------ Stored data

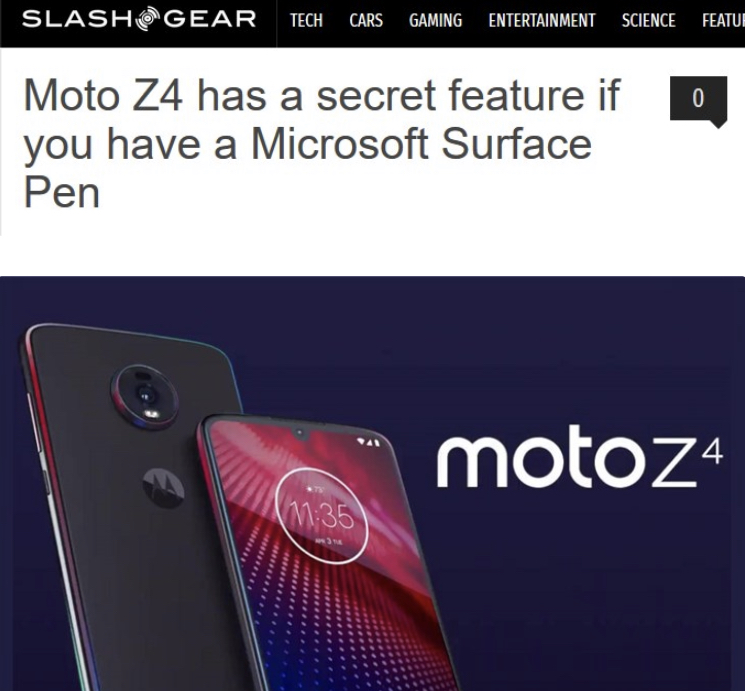 據(jù)Slash Gear報道,早在之前的摩托羅拉Moto Z4海報上,一些眼尖的人發(fā)現(xiàn)摩托羅拉的產(chǎn)品頁面曾提到過對手寫筆的支持。更重要的是,它提到了與微軟Surface觸控筆協(xié)議的兼容性。有人嘗試使用微軟Surface觸控筆,發(fā)現(xiàn)可以工作。
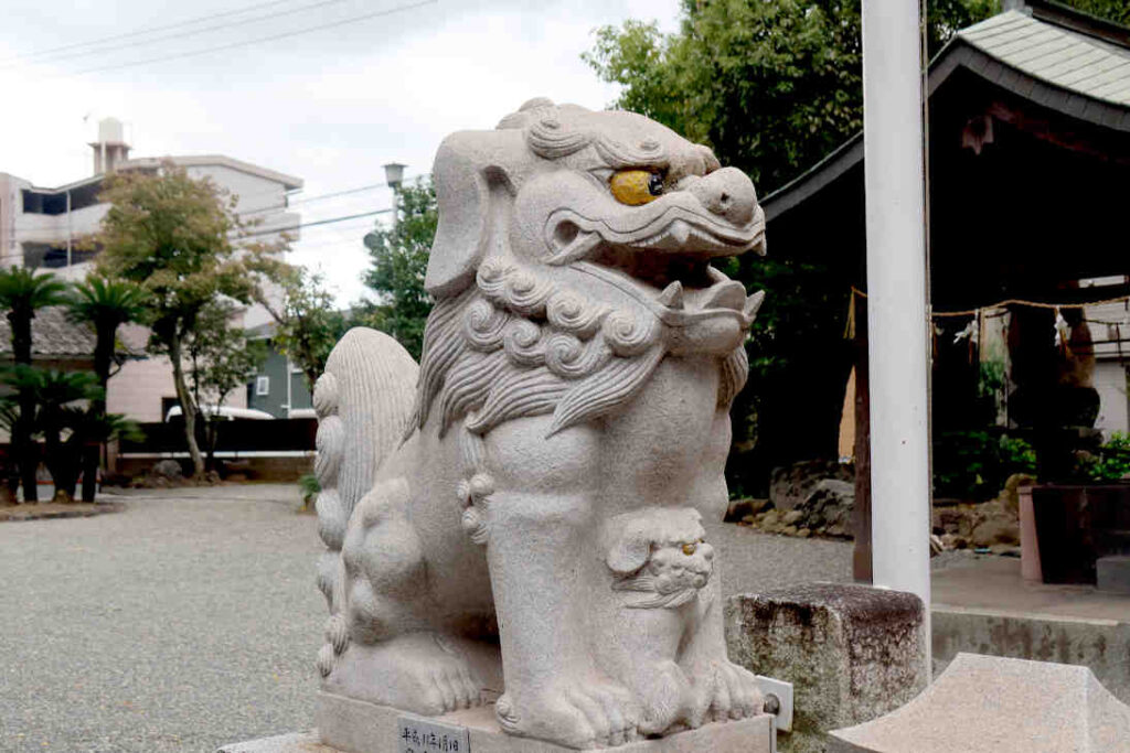 拝殿前の狛犬、まだ新しいみたいで端正な顔立ちをしていました。阿形は子供連れ、吽型は毬を踏んでいました。同じ系列の顔立ちですが、見る角度にもよるのでしょうが、阿形は勇ましく、吽型はコミカルな顔立ちに見えました。口を開けているか閉めているかで印象が全然違ってました。
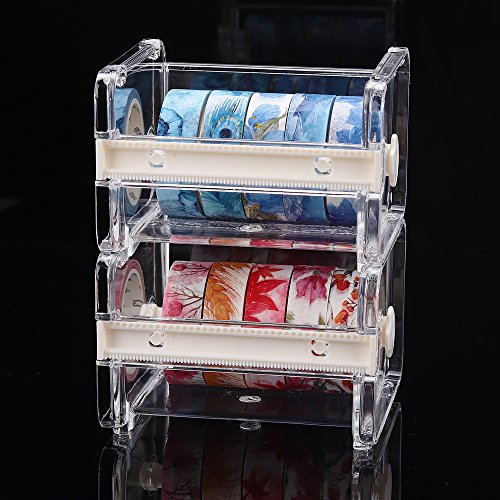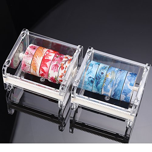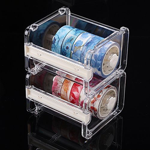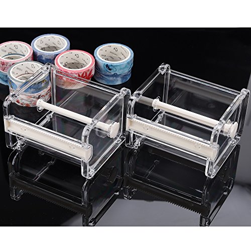 Molshine 2 Pack Transparent Visible Desktop Tape Dispenser Tape Cutter (Not Include Masking Tape)-Beige
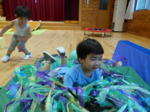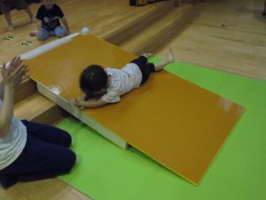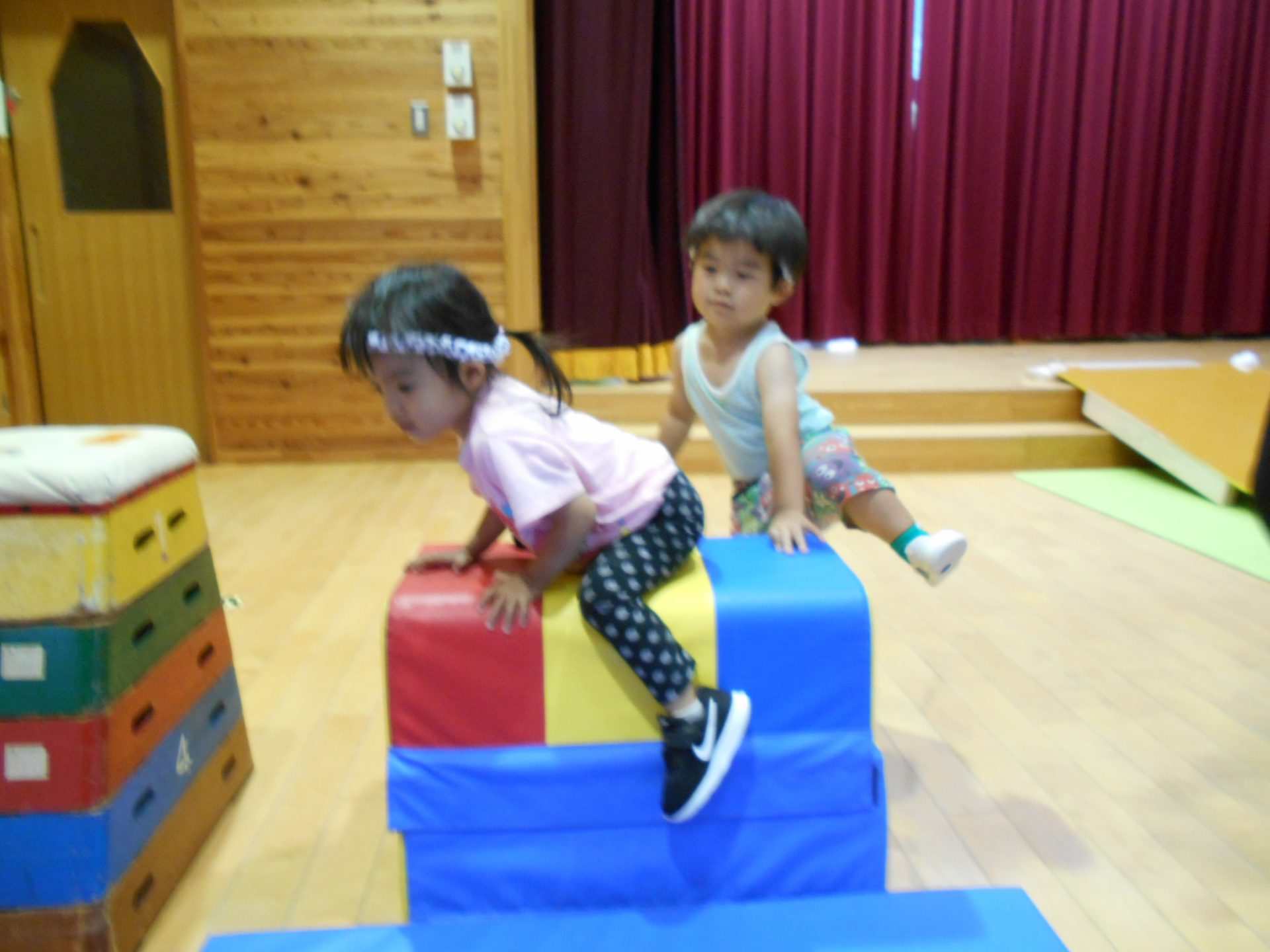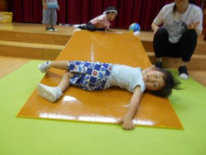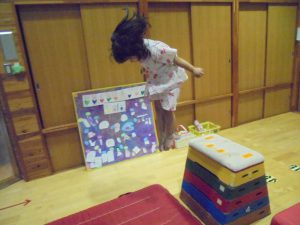 次は、跳び箱の『とびばちゃん』、滑り台の『すべりちゃん』、平均台の『へいちゃん』、ボール遊びの『ばろんちゃん』、トランポリンの『とらちゃん』と遊ぼう!です。

------------

== Problem details ==
The answer must repeat every line of the listing exactly and leave the pictures out.

== Reply ==
 據(jù)Slash Gear報道,早在之前的摩托羅拉Moto Z4海報上,一些眼尖的人發(fā)現(xiàn)摩托羅拉的產(chǎn)品頁面曾提到過對手寫筆的支持。更重要的是,它提到了與微軟Surface觸控筆協(xié)議的兼容性。有人嘗試使用微軟Surface觸控筆,發(fā)現(xiàn)可以工作。
 拝殿前の狛犬、まだ新しいみたいで端正な顔立ちをしていました。阿形は子供連れ、吽型は毬を踏んでいました。同じ系列の顔立ちですが、見る角度にもよるのでしょうが、阿形は勇ましく、吽型はコミカルな顔立ちに見えました。口を開けているか閉めているかで印象が全然違ってました。
 Molshine 2 Pack Transparent Visible Desktop Tape Dispenser Tape Cutter (Not Include Masking Tape)-Beige
 次は、跳び箱の『とびばちゃん』、滑り台の『すべりちゃん』、平均台の『へいちゃん』、ボール遊びの『ばろんちゃん』、トランポリンの『とらちゃん』と遊ぼう!です。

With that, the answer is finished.